Maybe it is because I am old school (hopefully not too much emphasis on old) but I prefer to look at brochures or catalogues. I know this doesn’t bode well for the trees, but I can’t help it. Seeing it all in front of me—the pictures, the maps, the schedules, –is somewhat akin to looking through the catalogues of my childhood. I am full of wonder and awe.
A quick aside about catalogues. I remember making a detailed list of all the camping equipment I was going to buy from Canadian Tire. I scoured the catalogue, totalling up prices and adding the tax. The catalogue was mostly black and white and relied on artist illustrations for everything except a few full-colour photograph supplemented pages. Despite that, I loved it and devoted many hours to the task.
Getting back to yesterday. Realizing that my brochures/catalogues were almost out of date, I decided to stop by a travel agency to get some new ones. The last time I was at this agency, they seemed to be rationing the things and only gave me a couple and were a little difficult about it.
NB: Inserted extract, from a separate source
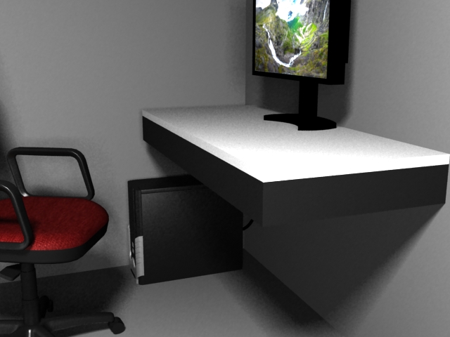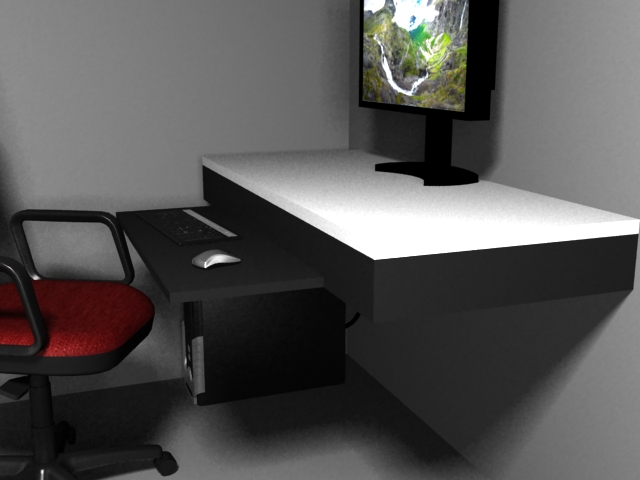 Так, что получается. Пока есть набросок контрастного настенного стола в минимал стиле. Модель примитивная, на скорую руку, всякая периферия честно стырена из сети. Посему, за качестово рендера прошу не пиннать. Это лишь для демонстрации идеи.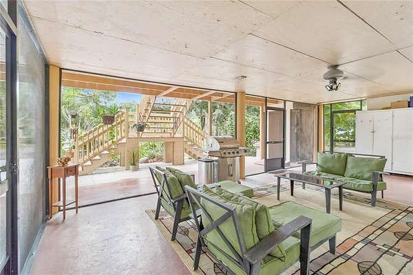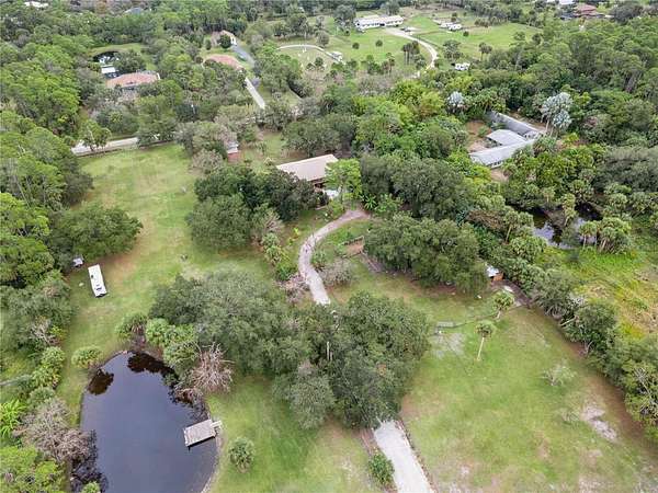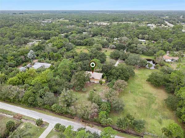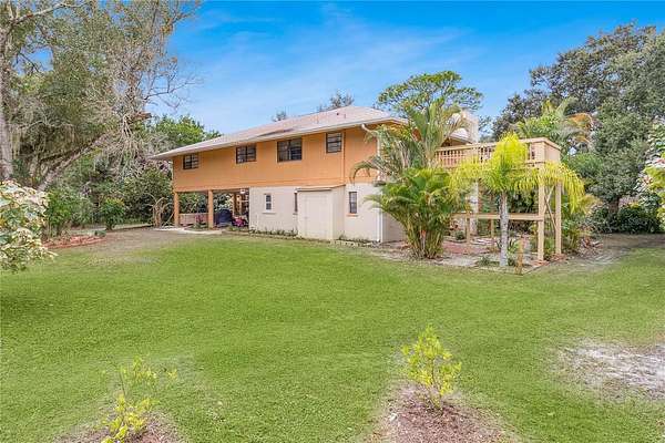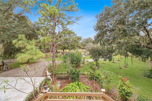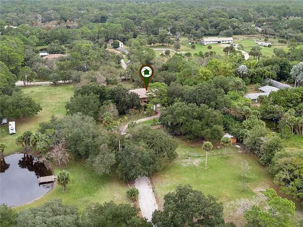 This is a one-of-a-kind property you have to see in person to take in all that it has! A Beautiful private estate where you will feel like you are on an exotic vacation year-round, framed by magnificent granddaddy oaks, lush landscaping, and exceptional natural privacy, offering a unique slice of Old Florida on 2.4 acres. This two-story home offers 4,332 total square feet with 2,312 square feet of living area, featuring 5 bedrooms, 3 bathrooms, and covered parking beneath the home for up to 4 vehicles. Featuring a private and independent entrance, the lower level provides ideal space for an in-law suite, home office, gym, workshop, or flex space. Property is zoned Agricultural with an impressively low annual premium of approximately $2,700. The property includes a four-stall horse stable with electric, a chicken coop with 11 hens producing approximately 4 dozen eggs weekly, a 10' x 20' shed, optional goats, and several tropical fruit trees. Bring the toys! plenty of room for RVs, boats, trailers, equipment, and livestock. The property offers both front and rear access and potential for an additional residence (buyer to verify).

They gave me some regional ones—which I thought were the only things the companies issued. I asked for several regions (Asia, Central and South America, and Australia and New Zealand. Without prodding, she brought me out the catalogue for the whole world. Sadly, it was not a new one, but it did make me wonder why they hadn’t given me that in the first place.
For my commute home, from the minute I sat down, I was engrossed and started dreaming of trips far and wide. I devoured the information and virtually went page by page, cover to cover. I considered and reconsidered so many times that my head is still spinning. I didn’t look up until I heard the announcement for my stop. What a great way to spend a commute. It was so good that it was Yesterday’s Perfect Moment.